# PFC200 CoDeSys 2.3  Steuerungsprofil Fehler



## urlicht (18 November 2016)

Hallo verehrte Kollegen,

techn. Daten:
CodeSys (I/O PRO) 2.3.9.49
PFC200 750-8202 CS 2ETH RS, FW 02.05.23 (08), HW 06
Ethernet Setting 6.6.1.8
I/O-Check 3.10.8.32
Testaufbau: 750-8202/750-402/750-504/750-600


ich habe hier einen 750-8202 ohne zusätzlichen Firlefanz. Vor mehreren Wochen wollte ich das Teil in einer neuen Steurung einsetzen.

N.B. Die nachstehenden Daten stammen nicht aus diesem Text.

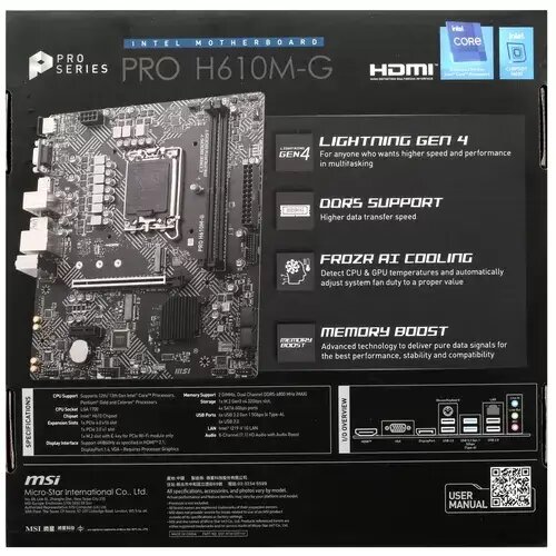 Материнская плата MSI PRO H610M-G Soc-1700 Intel H610 2xDDR5 mATX AC`97 8ch(7.1) GbLAN+VGA+HDMI+DP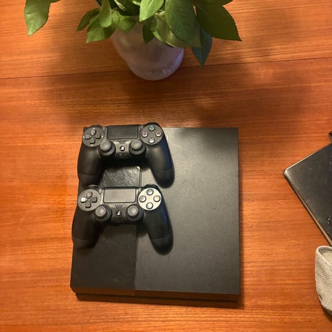 Sony PlayStation 4 spillkonsoll i svart farge med to trådløse DualShock 4-kontrollere. Konsollen kobles til TV via HDMI og har strøm- og ladekabler til kontrollerne. På bildene følger det også med fysiske spill, blant annet Call of Duty: Modern Warfare og et Spider-Man-spill. Egnet for bruk med PlayStation 4-spill og tilkobling til internett for nedlasting av spill og oppdateringer.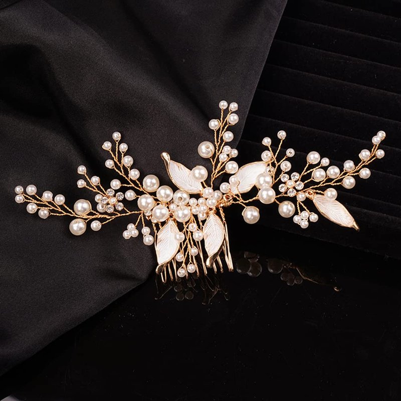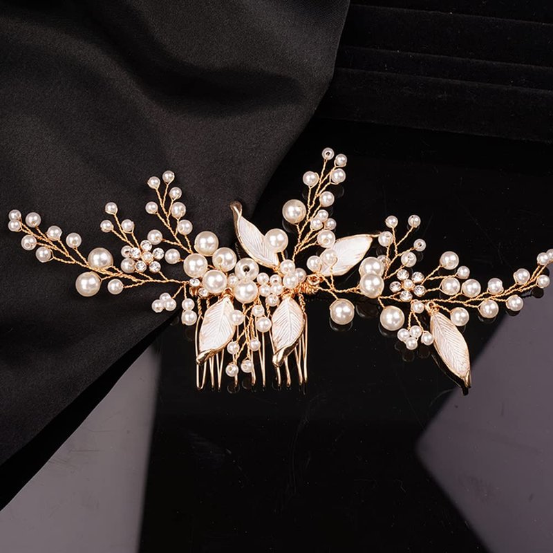 - Wedding Bridal Gold Leaf Pearl Hair comb for Women Wedding Party Prom.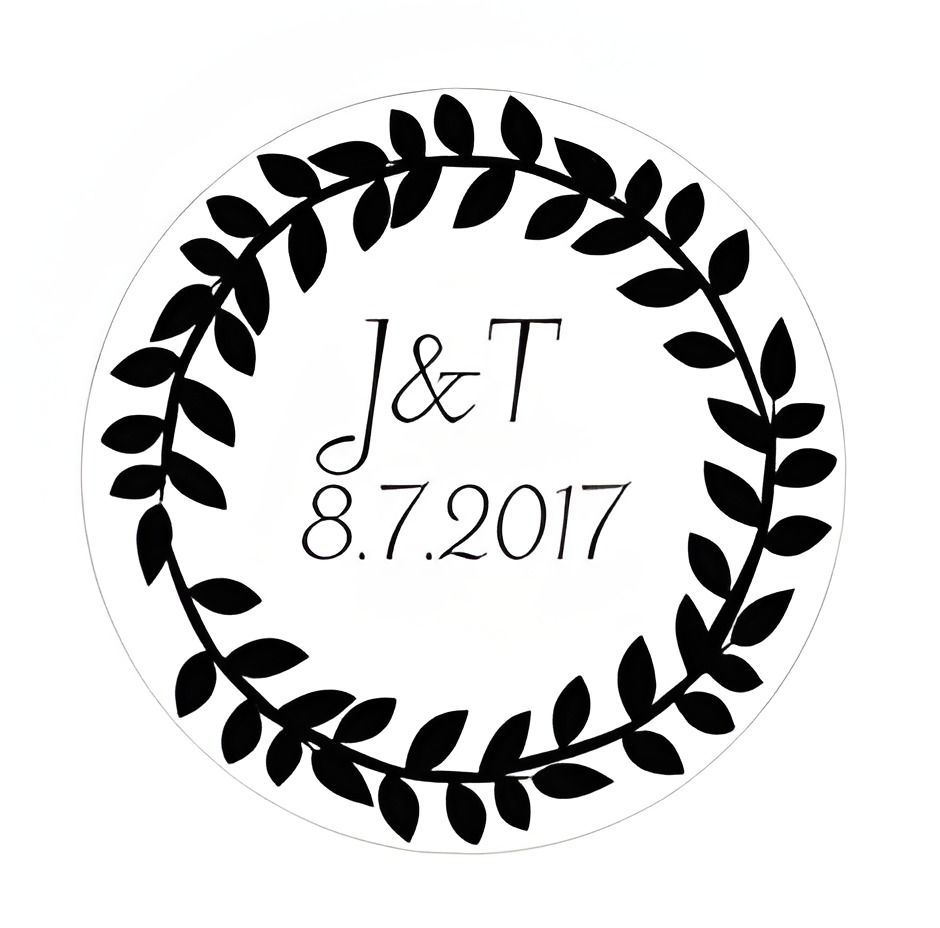 Svatební nálepky s vlastním textem, například s jmény ženicha a nevěsty, datem svatby, či iniciálami.

Sie zeigte dort das seltsame Verhalten, dass beim Einloggen wären des laufenden Anwenderprogramms die digitalen Ausgänge kurz auf FALSE gingen und dann wieder aud TRUE. Da ich es eilig hatte, habe ich den 8202 gegen einen 880 getauscht. Damit lief er tadellos.

Jetzt wollte ich den PFC200 mit obigem Versuchsaufbau testen, habe an %QX0.0 ein Koppelrelais angeschlossen dessen Wechsler ich auf %IX0.0 und %IX0.1 zurückführe. Zuvor habe ich nach Anleitung ein Firmwareupdate durchgeführt, ein minimales Anwenderprogramm geschrieben und versucht, dieses zu laden.

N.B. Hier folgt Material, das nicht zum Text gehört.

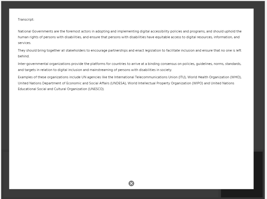 The target audience included Accessibility and Disability advocates, whose expertise and passion required a learning experience tailored to their unique needs. Central to the challenge was the need for an eLearning course that addressed the technological barriers faced by individuals with disabilities when accessing Information and Communication Technologies (ICTs). The ASG envisioned a program that would not only educate but also exemplify the principles of accessibility in its design.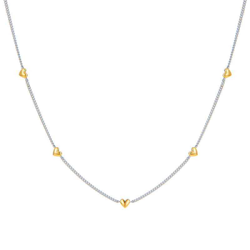VOGUEWANG原创高级感镀纯银镀18K白金银色双生双色满天星爱心项链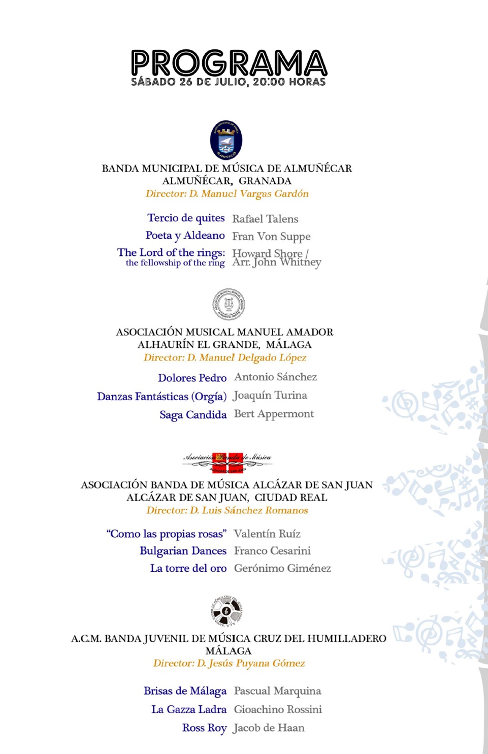 Volverán a formar parte del cartel de este año la Asociación Musical Manuel Amador de Alhaurín El Grande, la Banda Municipal de Música de Almuñécar y la propia Banda Juvenil Cruz del Humilladero.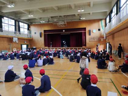 3月2日、今日の児童集会は講堂の舞台を横切るのは何でしょうというクイズを分団に分かれてみんなで楽しみました。とても難しい問題もありましたね。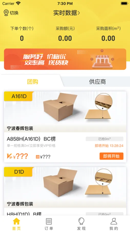 【首页】在首页基于关注关系可以实时看到所关注的销售或采购发布或推送的商品信息及商品详情,一键预约无需等待响应,提高供应效率,增值服务和信用支付为用户提供更好的交易体验同时减轻用户的资金压力;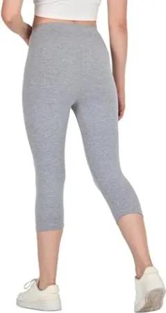 Leggings Damen 3/4 Atmungsaktiver Baumwolle - High Waist Caprihose, Kurze Sport Leggins, Radlerhose Elastische Blickdicht Yogahose Sporthose (Hellgrau, XXL)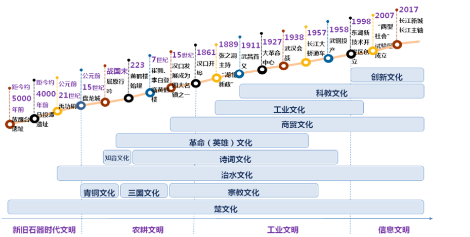 从人文时间来看。武汉有着清晰连贯的长江文明传承发展脉络(如图3所示)。早在8000-6000年前新石器时代早、中期,就有先民在此繁衍生息。从盘龙城到知音故里,从公元223年的黄鹄矶到明清时代的汉口镇,从近代工商业文明发祥到新中国成立后红钢城建立,再到1990年代设立中国光谷以及山水大学,武汉在农业、工业、信息等人类文明类型转换的历史进程中,留下了以青铜文化、知音文化、楚文化、三国文化、宗教文化、诗词文化、商贸文化、工业文化、革命(英雄)文化、科教文化、创新文化等为代表的长江文明传承印记,在相当程度上集约了长江文明乃至中华文明数千年的发展历程。

Leider kommt die Fehlermeldung "Das gewählte Steurungsprofiul entspricht nicht dem des Zielsystems! Die Verbindung wird abgebrochen."

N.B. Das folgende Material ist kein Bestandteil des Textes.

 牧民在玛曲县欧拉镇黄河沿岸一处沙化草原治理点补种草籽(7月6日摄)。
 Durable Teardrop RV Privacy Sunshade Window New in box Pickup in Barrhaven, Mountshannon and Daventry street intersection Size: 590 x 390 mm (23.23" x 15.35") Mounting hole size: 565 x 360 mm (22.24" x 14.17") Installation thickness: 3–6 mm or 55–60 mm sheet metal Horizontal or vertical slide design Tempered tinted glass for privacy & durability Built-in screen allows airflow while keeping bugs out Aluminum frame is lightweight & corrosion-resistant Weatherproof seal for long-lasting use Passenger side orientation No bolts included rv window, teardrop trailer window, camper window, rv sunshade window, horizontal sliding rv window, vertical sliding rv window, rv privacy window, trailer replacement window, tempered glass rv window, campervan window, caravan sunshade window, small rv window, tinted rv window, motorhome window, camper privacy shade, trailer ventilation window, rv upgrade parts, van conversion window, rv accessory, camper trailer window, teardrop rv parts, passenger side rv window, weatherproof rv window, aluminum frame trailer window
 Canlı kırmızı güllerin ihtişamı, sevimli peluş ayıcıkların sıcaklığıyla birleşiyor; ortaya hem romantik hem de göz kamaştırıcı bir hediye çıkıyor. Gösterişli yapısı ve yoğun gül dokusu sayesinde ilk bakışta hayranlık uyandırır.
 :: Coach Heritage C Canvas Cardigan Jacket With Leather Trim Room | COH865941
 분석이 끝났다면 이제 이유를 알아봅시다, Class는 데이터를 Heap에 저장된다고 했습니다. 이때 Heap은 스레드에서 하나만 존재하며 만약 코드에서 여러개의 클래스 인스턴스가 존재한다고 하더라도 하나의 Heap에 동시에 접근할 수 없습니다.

Ich habe alle 8202 Kombinationen durch als Zielsystemauswahl.







Bin jetzt etwas ratlos, wo ich weiter suchen könnte.

Die Kommunikationsparameter sind auch in I/O-Check und Ethernet-Settings verwendet.  In Ethernet Settings wird kein Fehler ausgegeben.Steureung ist also allemal erreichbar.

Ich hoffe, Euch fällt etwas ein. Falls ich Infos ergänzen soll, bitte melden.

Danke schon einmal für die Mühe.


----------



## .:WAGO::0100153:. (18 November 2016)

Hallo urlicht,

wenn Sie Firmware 8 (FW08) auf Ihrem Controller implementiert haben, sollten die Ausgänge nicht mehr abfallen. Dieses tritt nur bei der Firmware <08 auf aber hier gibt es die Möglichkeit dieses zu beheben. Hier entfernen Sie bitte im WBM(Web Based Management) unter Ports and Services->PLC Runtime Services->Port Authentication enabled den Haken(Bild1). Danach sollten die Ausgänge nicht mehr abfallen.

Zu Ihrer Frage mit dem Zielsystem. Sie haben momentan auf Ihrem Controller die FW08 implementiert und hier müssen Sie folgende Auswahl tätigen(siehe Bild2). FW03-... steht hierfür, dass auf Ihrem Controller eine Software-Firmware >= FW03  implementiert ist. Dieses ist in Ihrem Fall gegeben.


----------